Due delle mie tante passioni sono la musica e il cibo. Quando si riescono a conciliare, si ottengono solo ottimi risultati.
Il 23 e 24 Aprile del 2017, approfittando del ponte per la Festa della Liberazione, abbiamo organizzato un piccolo viaggio in Sicilia, in modo da esibirci in due Chiese della regione: la Cattedrale di Acireale e la Cattedrale di Palermo.
La nostra tournée ha avuto inizio all’alba di Domenica 23 Aprile, quando siamo partiti da Gioia Tauro per dirigerci a Villa San Giovanni, per prendere il traghetto verso la Sicilia.
Nel corso degli anni, l’orchestra ha organizzato numerose trasferte in Sicilia, sia di un giorno che di più giorni. Per noi, esibirci in questa regione è sempre un piacere, sia per la sua bellezza che per il cibo. Dopo ogni concerto, veniamo sempre accolti con enormi buffet di qualsiasi tipologia di cibo, e rientriamo a casa sempre a stomaco pieno.
Durante il traghettamento, abbiamo acquistato degli arancini siciliani presso il bar, e li abbiamo gustati mentre ammiravamo il mare. Appena scesi dalla nave, abbiamo raggiunto Acireale, dove ci siamo diretti presso l’hotel per prepararci per il concerto della sera.
Abbiamo alloggiato in una struttura molto grande e bella, e le nostre stanze si trovavano tutte nello stesso piano. Dopo esserci cambiati per il concerto, ci siamo rilassati in attesa di raggiungere la Cattedrale.

Appena abbiamo raggiunto la Cattedrale, abbiamo fatto le ultime prove, per poi avere alcune ore libere in attesa del concerto.
Come ho detto poco fa, una delle cose che più amiamo fare in Sicilia è mangiare e gustare tanti piatti tipici. Quindi, tra una passeggiata e l’altra in attesa del concerto, abbiamo assaggiato un altro arancino e diversi altri cibi, senza tener conto della dieta!
Dopo questa breve pausa, ha avuto inizio il concerto che, fortunatamente, è andato molto bene.
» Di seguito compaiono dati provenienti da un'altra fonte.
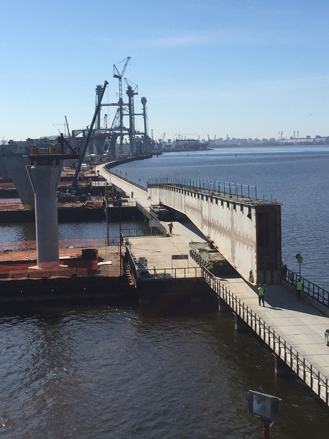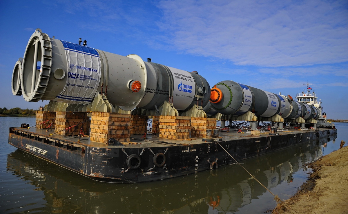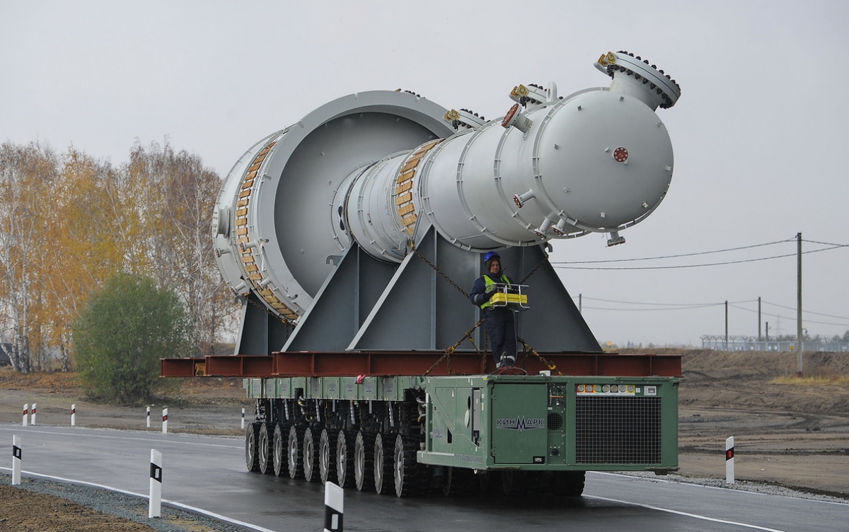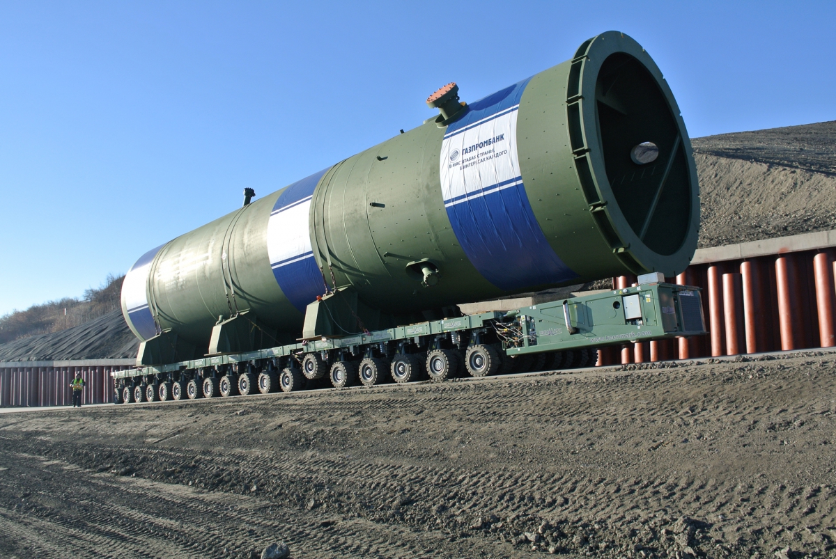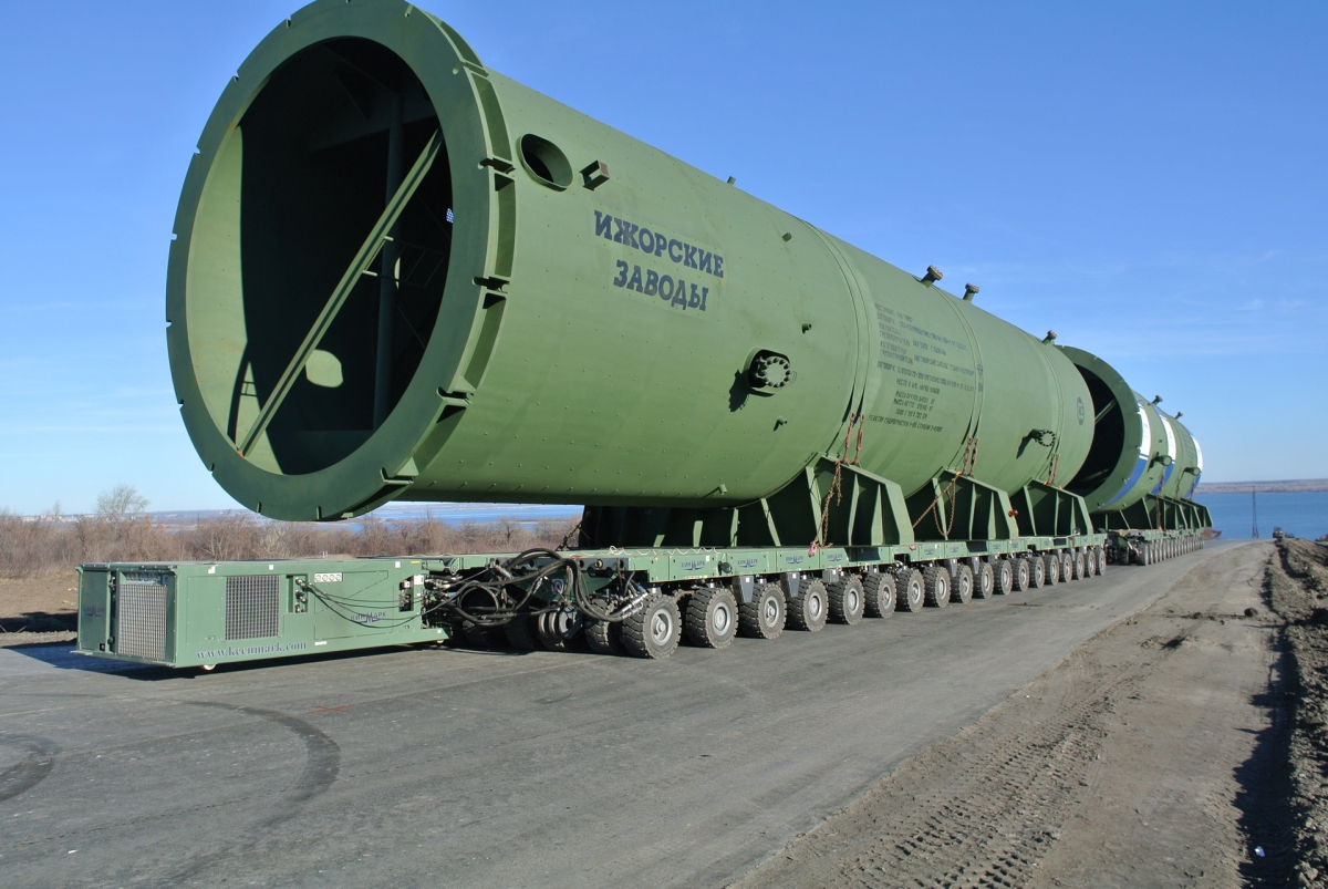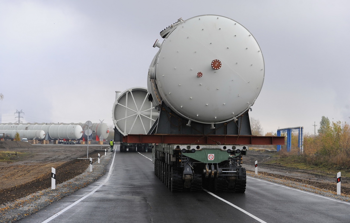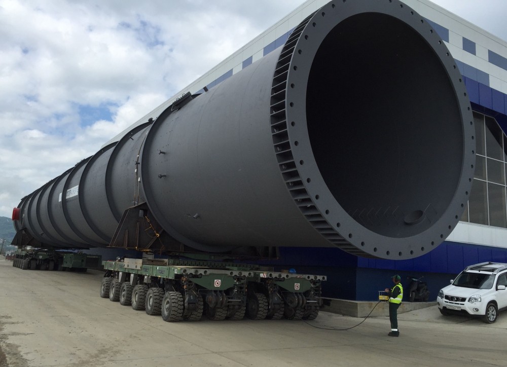 Multimodal transportation of equipment with more than 100 units, total weight 2500 tons, moving via route S.Petersburg – Salavat. Sea, river and road transport was engaged during the transportation. Temporary customs control zone was opened. Maximum dimensions: diameter – 8,8 m, height – 4,7m, total weight – 275 tons. The realization of this project required bridge structure strengthening, lifting of the high voltage transmission lines, development of the RO-RO quay.
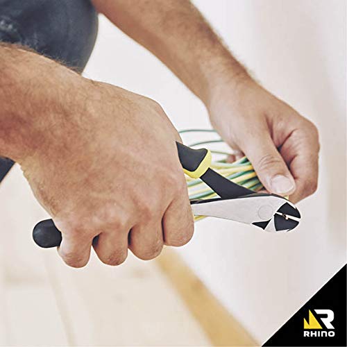RHINO Pinze da taglio diagonali con manico angolato, pinza universale per taglio laterale, 180 mm, cromo vanadio, manico angolato di 25 gradi per una presa facile, lunghezza 180 mm
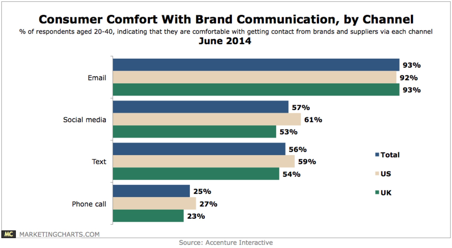 Consumers report the highest level of comfort when receiving email communications from brands.
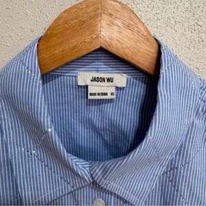 Jason Wu Blue Striped Embellished Rhinestone
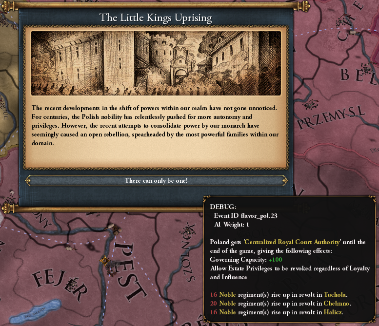 이때 능력치가 하나라도 2 미만인 지도자가 즉위하면 팍타 콘벤타가 뜨기 때문에 귀족에게 반대하는 분기는 1615년까지 미뤄진다
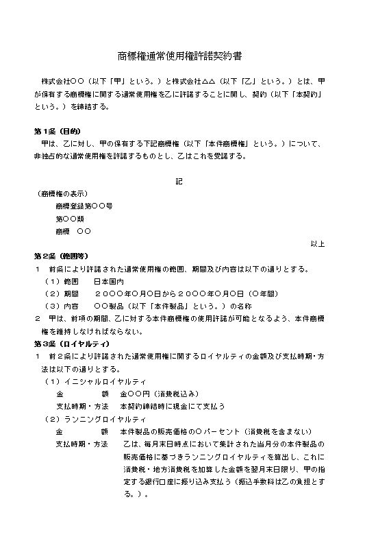 株式会社○○(以下「甲」という。)と株式会社△△(以下「乙」という。)とは、甲が保有する商標権に関する通常使用権を乙に許諾することに関し、契約(以下「本契約」という。)を締結する。
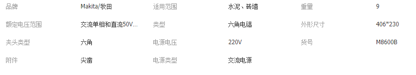 本网页所展示的有关【Makita牧田电锤电镐超大功率减震重型冲击钻装修凿墙钻墙M8600B_电动工具_东莞市得宝电动工具有限公司】的信息/图片/参数等由全球零部件网的会员【东莞市得宝电动工具有限公司】提供,由全球零部件网会员【东莞市得宝电动工具有限公司】自行对信息/图片/参数等的真实性、准确性和合法性负责,本平台(本网站)仅提供展示服务,请谨慎交易,因交易而产生的法律关系及法律纠纷由您自行协商解决,本平台(本网站)对此不承担任何责任。您在本网页可以浏览【Makita牧田电锤电镐超大功率减震重型冲击钻装修凿墙钻墙M8600B_电动工具_东莞市得宝电动工具有限公司】有关的信息/图片/价格等及提供【Makita牧田电锤电镐超大功率减震重型冲击钻装修凿墙钻墙M8600B_电动工具_东莞市得宝电动工具有限公司】的商家公司简介、联系方式等信息。
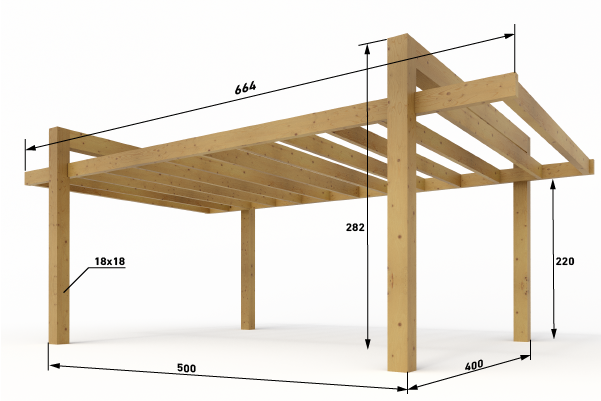 Zahradní Pergola Portal 500x400 BSH . Montážní spojovací materiál je součástí dodávky. Nosné sloupy altánu 18 x18 cm (BSH) ( zaoblené hrany ). Krokve 5,6x18cm, pozednice - 8x18cm.
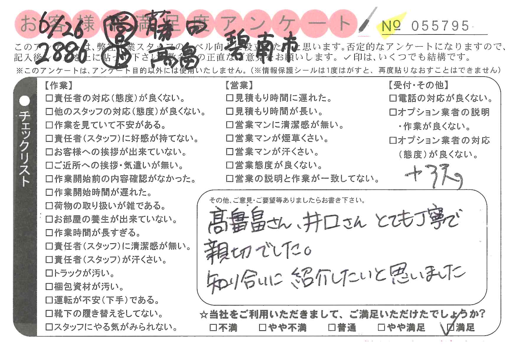 引越一番でお引越しをしていただいたお客様のうち、コメントいただいたアンケートを全て掲載しています。
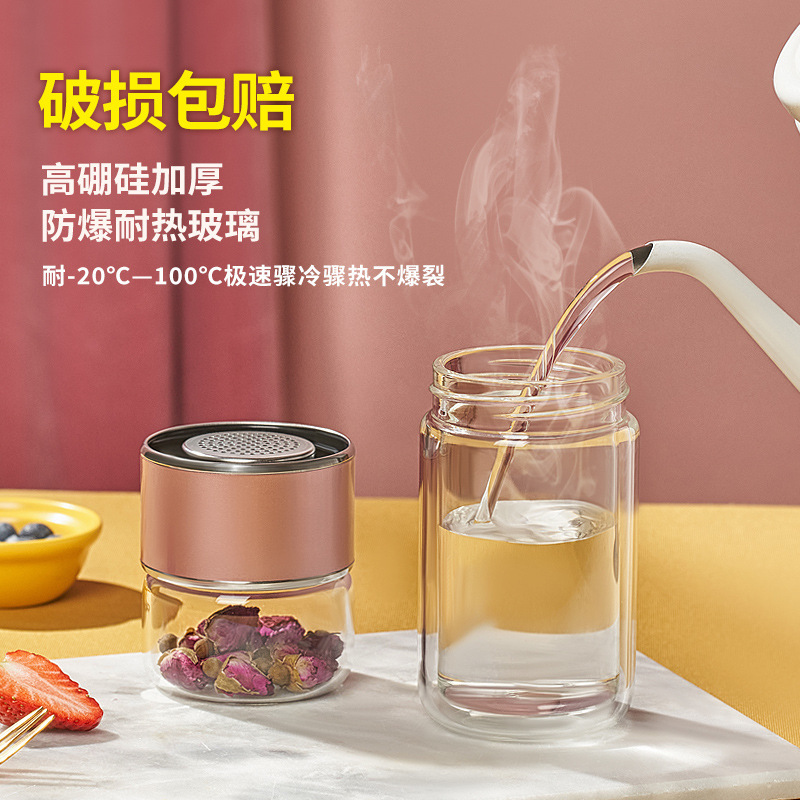 High-grade double-layer heat-insulated tea-water separation glass for men's and women's office portable tea cup with logo lettering

Appena terminato il concerto, abbiamo cenato e ci siamo diretti in hotel. I momenti più belli dei nostri viaggi sono probabilmente quelli negli alberghi. Prima di andare a dormire, infatti, ci ritroviamo sempre in una stanza, per chiacchierare e ridere insieme. Quella sera ci siamo divertiti tantissimo, e abbiamo anche usato i trucchi e le matite per disegnarci la faccia, fino a quando non siamo stati sgridati dagli addetti dell’hotel per la troppa confusione, e siamo dovuti tornare nelle nostre stanze.

Il secondo e ultimo giorno ha avuto inizio, come sempre, con la nostra tradizionale colazione. Tra tutte le persone dell’orchestra, c’è un gruppo composto da me e altre mie amiche, tra cui Luana e Chiara, che è molto mattiniero quando si tratta di fare colazione.
Il secondo concerto si sarebbe svolto la sera, presso la Cattedrale di Palermo. In mattinata, quindi, siamo saliti sul pullman per dirigerci a destinazione. Prima di allora, non avevo mai visitato questa città, e mi ha subito colpito per la sua bellezza e la sua grandezza.

Prima del concerto, abbiamo avuto qualche ora libera per visitare il centro della città. Diverse mie amiche hanno anche visitato la cupola della Cattedrale, ma io, soffrendo di claustrofobia, non ho avuto il coraggio di affrontare una lunga scala stretta e ripida.
Dopo il concerto, abbiamo salutato questa splendida terra per rientrare a casa. Ovviamente, non è mancato l’ultimo arancino del nostro viaggio, che abbiamo mangiato alle 3 di notte sul traghetto, con il fresco sapore del mare.